All the numbers conputations are here.
@jiten's solution from the comment (https://math.stackexchange.com/questions/3739053/find-coordinates-of-point-in-mathbbr4/3739095#comment7716150_3739095) (I didn't quite get it):
Q.4 image, need coord. point $p$ in trapezoid with: A$(2,6,-3,9)$, B$(4,4,7,3)$, C$(8,2,7,-1)$, p$(x, y, z, w)$.

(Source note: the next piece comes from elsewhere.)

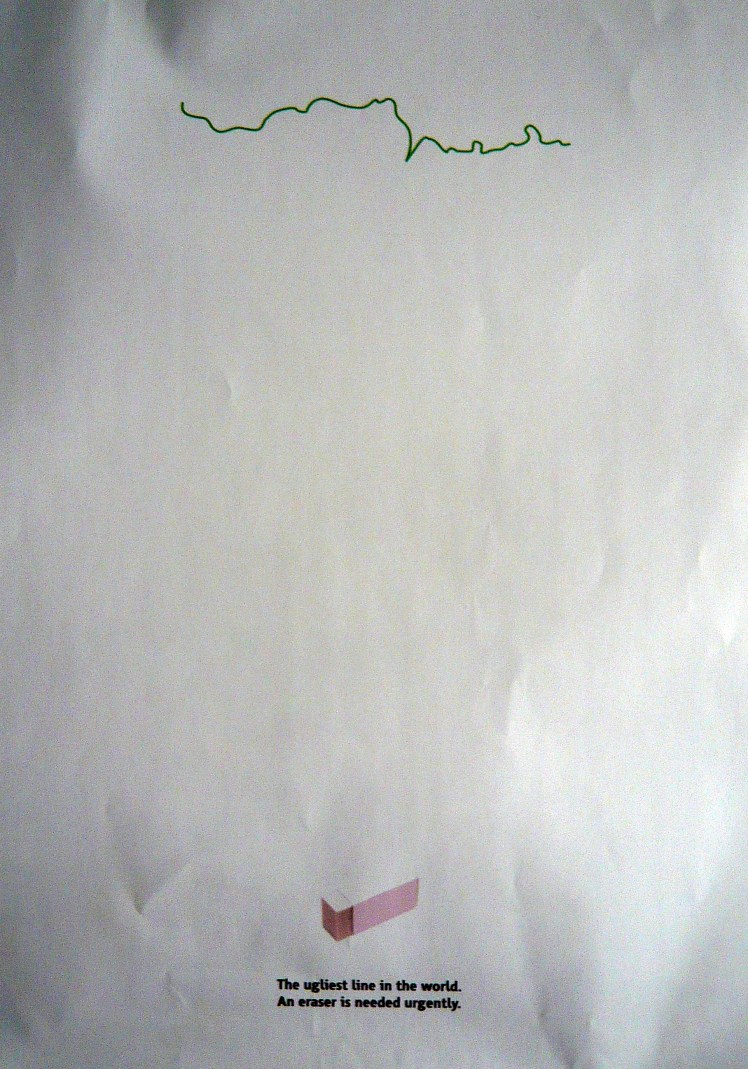This is, indeed, the ugliest line in the world that urgently needs an eraser. I saw this poster in the offices of CCMC, the Cyprus Community Media Center, a multi-communal NGO located in the Buffer zone in Nicosia.

DV line BA$<-2, 2, -10, 6>$.
Param. form point on line $r(t)= (4,4,7,3) + t(-2, 2, -10, 6) = (4-2t, 4+2t, 7-10t, 3 +6t), t\in \mathbb{R}$.
Also, for line pC $r_1(t) = (8,2,7,-1) + s(-2, 2, -10, 6) = (8-2s, 2+2s, 7-10s, 3 +6s), s\in \mathbb{R}$;
with $s=1$ for vertex p $(8-2s, 2+2s, 7-10s, 3 +6s)\implies (6, 4, -3, 9)$.
Need verify by addl eqns. Say, find intersection lines Ap, Cp; with DV line Cp $= <x-8, y-2, z-7, w +1>$, of line Ap $=<x-2, y-6, z+3, w-9>$. But, not working.